En pratique, le projet de décret prévoit une part fixe et une part variable. Cette dernière, représentant 25% du total, tiendra compte de l'activité de la MDPH, "tout en limitant la sensibilité aux aléas". Elle comprendra une dotation socle incompressible de 500.000 euros (quelle que soit la taille de la MDPH), une dotation forfaitaire par tranche de population de 100.000 habitants pour limiter les effets de seuil, ainsi que la prise en compte de l'activité pondérée, à partir de différents indicateurs (bénéficiaires de l'allocation d'éducation d'enfant handicapé, bénéficiaires de la prestation de compensation du handicap, orientations médicosociales).

150 millions supplémentaires pour les Ehpad et 577 millions de déficit

Le second chantier est celui de la déclinaison du volet investissement médicosocial du Ségur de la santé.
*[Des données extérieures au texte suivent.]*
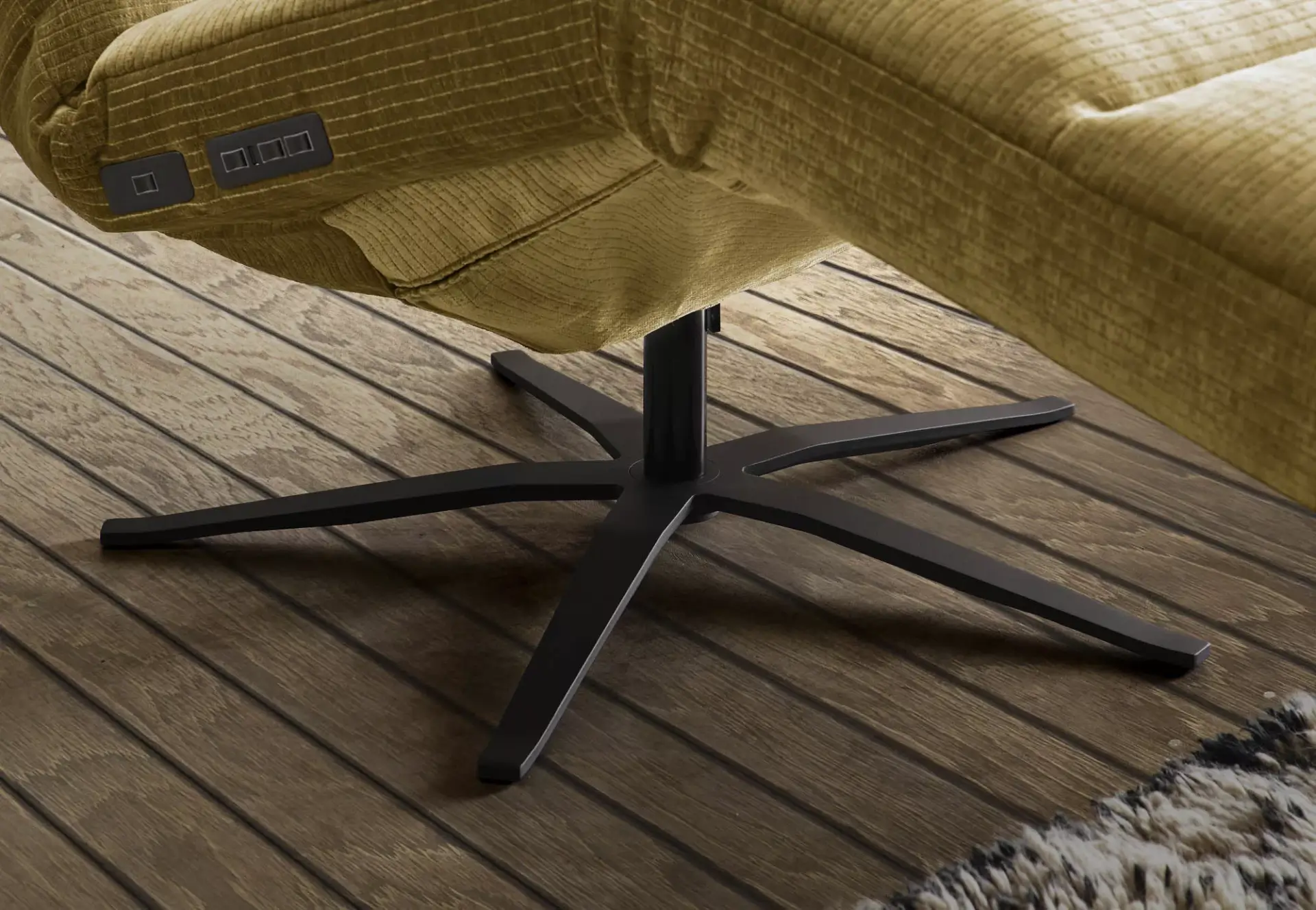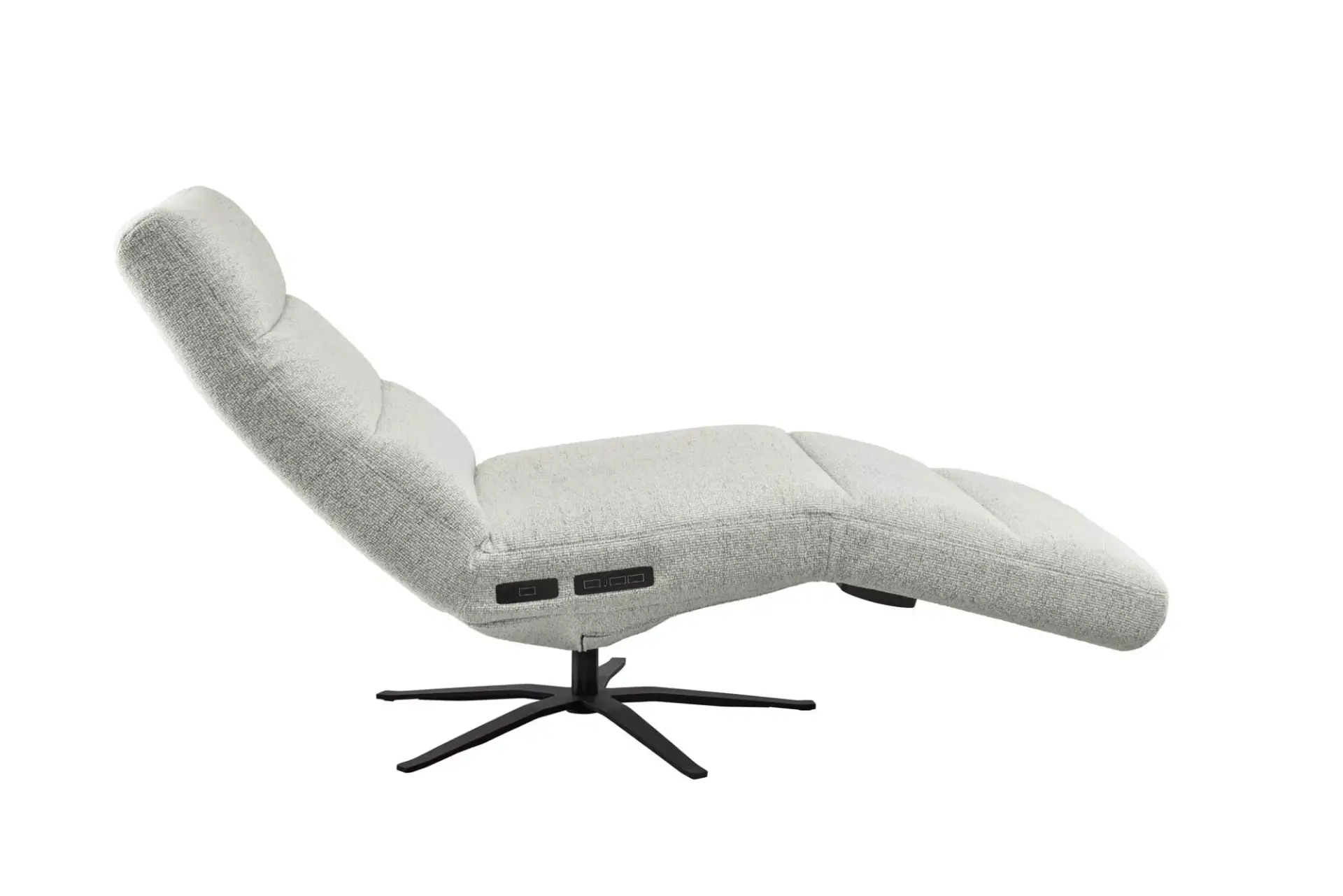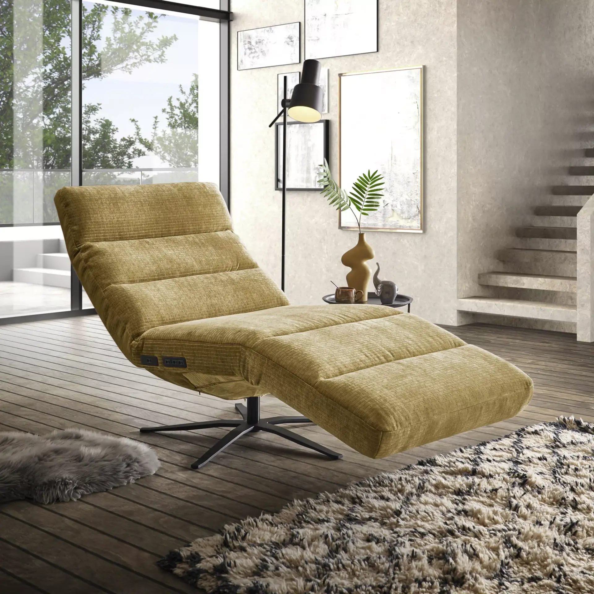 Topmodische Polsterliege mit punktelastischem Tonnentaschenfederkernsitz, einem Rücken aus PU-Schaum bezogen und Rückenteil ebenso bezogen und mit motorischer Relaxfunktion.

Ceci a conduit le conseil d'administration à adopter, à une très large majorité (61 voix pour, 11 abstentions et 2 "prises d'acte"), son premier budget rectificatif de l'année, qui porte le montant 2021 à 31,9 milliards d'euros, contre 31,6 milliards pour le budget primitif (voir notre article du 14 décembre 2020). Le budget rectificatif comprend notamment une enveloppe de 150 millions d'euros pour soutenir la modernisation de l'offre d'hébergement des personnes âgées, dans le cadre du plan de relance de l'investissement dans le système de santé, conformément au séquencement du plan précisé par la circulaire du Premier ministre (voir notre article du 17 mars 2021). Avec cette rallonge budgétaire, la CNSA consacrera cette année un total de 450 millions d'euros à l'investissement immobilier et 100 millions à l'investissement dans le numérique, très en retard dans les établissements sociaux et médicosociaux. Cet effort budgétaire supplémentaire, mais aussi la crise sanitaire, ont pour conséquence de porter le déficit prévisionnel de la CNSA à la somme de 577,3 millions d'euros. Un montant qui signe clairement la fin des excédents de la Caisse et qui risque fort de lester la cinquième branche d'un déficit dès sa création.

Ce premier budget rectificatif comprend également 5 millions d'euros supplémentaires pour soutenir le développement de plateformes des métiers de l'autonomie des personnes âgées et des personnes handicapées, dans le cadre de la politiquer de renforcement de l'attractivité des métiers du grand-âge. Cette année, la CNSA devrait ainsi financer 10 plateformes – sélectionnées via un prochain appel à projets – à hauteur de 10 millions d'euros.

Conventionnement avec les départements : au tour des feuilles de route

Enfin, le troisième chantier concerne le conventionnement 2021-2024 entre la CNSA et les départements. Il s'agit en l'occurrence de finaliser la mise en œuvre de la réforme du conventionnement engagée l'an dernier (voir nos articles du 8 juillet et du 14 octobre 2020). Celle-ci repose sur une démarche en deux temps. Dans un premier temps, la démarche a consisté à signer une convention socle avec chaque département, avec une double signature de son président (au titre de président du conseil départemental et de président de la commission exécutive de la MDPH). Ces conventions socles sécurisent juridiquement les concours de la CNSA aux départements, notamment au titre de l'APA et de la PCH. Elles définissent aussi les engagements réciproques de la Caisse, des départements et des MDPH. Malgré les fortes perturbations engendrées par la pandémie, l'objectif a été atteint et la centième convention a été signée le 13 janvier dernier (voir notre article du 20 janvier 2021).

En 2021, il s'agit désormais d'élaborer une "feuille de route stratégique et opérationnelle" avec chaque département, détaillant les engagements de la convention socle pour la période 2021-2024. Ces feuilles de route doivent concourir "à un pilotage rénové entre le niveau national et le niveau territorial, fondé sur l'animation, l'accompagnement, l'évaluation et le contrôle".